Code generation & review
Based on overall model capabilities and architecture for coding tasks like generating functions, debugging, and refactoring
Customer support chatbot
Suitable for user-facing chat with competitive response times. Luma Dream Machine also offers lower per-token costs for high-volume support
Long document analysis
Larger context window (0K tokens) can process longer documents, contracts, and research papers in a single pass
Batch data extraction
Lower output pricing ($0.00/M) reduces costs when processing thousands of records daily
Creative writing & content
Higher overall composite score (11/100) correlates with better nuance, coherence, and style in long-form content
Runway Gen-3 Alpha has a moderate advantage with a 6.800000000000001-point lead in composite score. It wins on more signal dimensions, but Luma Dream Machine has specific strengths that could make it the better choice for certain workflows.
Best for Quality
Luma Dream Machine
Marginally better benchmark scores; both are excellent
Best for Cost
Luma Dream Machine
0% lower pricing; better value at scale
Best for Reliability
Luma Dream Machine
Higher uptime and faster response speeds
Best for Prototyping
Luma Dream Machine
Stronger community support and better developer experience
Best for Production
Luma Dream Machine
Wider enterprise adoption and proven at scale
by Luma AI
| Capability | Luma Dream Machine | Runway Gen-3 Alpha |
|---|---|---|
| Vision (Image Input) | ||
| Function Calling | ||
| Streaming | ||
| JSON Mode | ||
| Reasoning | ||
| Web Search | ||
| Image Output |
Luma AI
Runway
Assumes 60% input / 40% output token ratio per request. Actual costs may vary based on your usage pattern.
| Parameter | Luma Dream Machine | Runway Gen-3 Alpha |
|---|---|---|
| Context Window | -- | -- |
| Max Output Tokens | -- | -- |
| Open Source | No | No |
| Created | Jun 12, 2024 | Jun 17, 2024 |
The identical 10/100 scores suggest both models are scored on raw capability metrics where they perform equally, but Runway's #3 vs Luma's #6 ranking likely reflects real-world factors like generation speed, API reliability, or output consistency not captured in the base score. With both showing 0 tokens for context window and max output, these are pure video generation models without text processing capabilities, making ranking differences more about execution quality than feature breadth.

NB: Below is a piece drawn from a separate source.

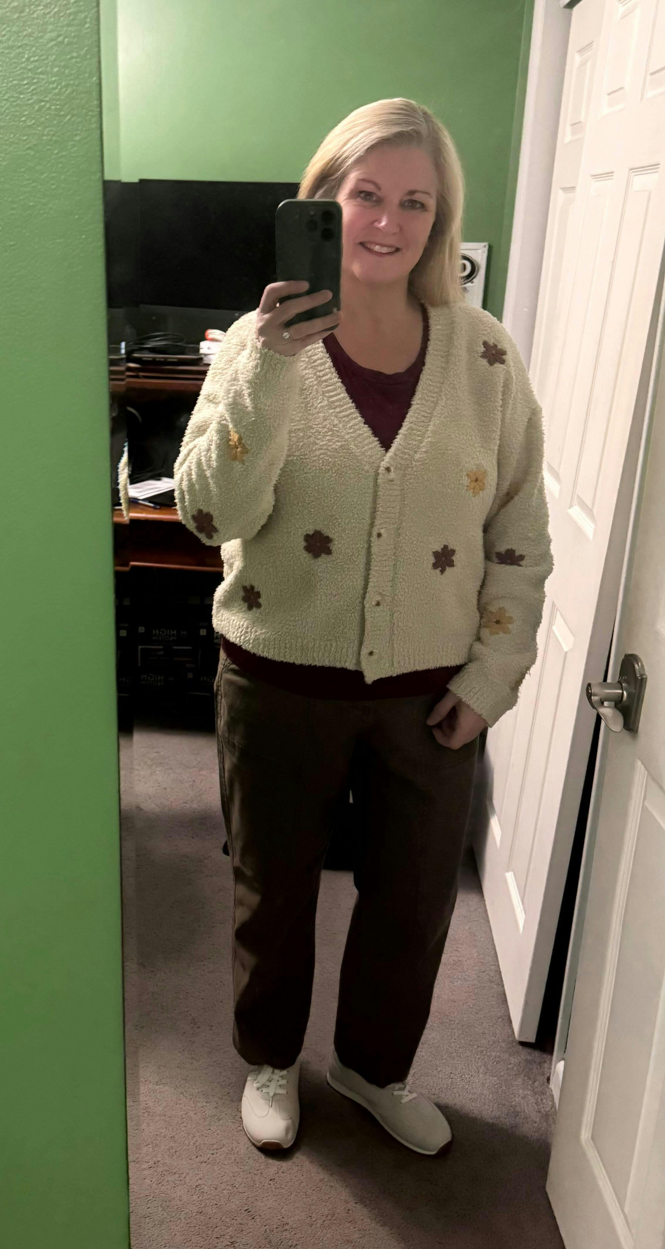 This cozy cream cardigan is the perfect blend of comfort and charm. It features a soft, textured knit with a deep V-neckline and button-front closure finished with subtle gold-tone buttons. Playful embroidered floral appliqués in warm fall hues — mustard yellow, rust, and maroon — add a vintage-inspired, handcrafted touch that makes it stand out from the basics.

The $0/M pricing for both models indicates they're using credit-based or subscription tiers rather than token-based pricing, making direct cost comparison misleading. Runway Gen-3 Alpha typically charges per second of video generated (around $0.05-0.10/second), while Luma Dream Machine often uses a monthly credit system, so teams generating over 100 seconds of video monthly would likely find Luma more economical despite the 3-position rank difference.
Unlike LLMs that process token sequences, both Luma Dream Machine and Runway Gen-3 Alpha accept text prompts as atomic inputs for their diffusion-based video synthesis, not requiring traditional context windows. The 0-token specification reflects that these models use prompt embeddings rather than sequential token processing, with both likely supporting prompts of 200-500 characters before truncation occurs.
Despite identical text->video modalities and matching 10/100 scores, migration complexity differs significantly due to API design philosophies. Runway's 3-rank advantage often comes with more sophisticated prompt adherence and motion coherence, but requires adapting to their specific prompt syntax and generation parameters that differ from Luma's more straightforward approach.
With both models closed-source and from different providers, teams face vendor lock-in risks that the identical 10/100 scores mask. Runway's higher #3 ranking suggests better ecosystem maturity, but Luma's #6 position still places it in the top tier, making the choice more about whether you prioritize Runway's established film industry connections or Luma's potentially faster iteration cycles on new features.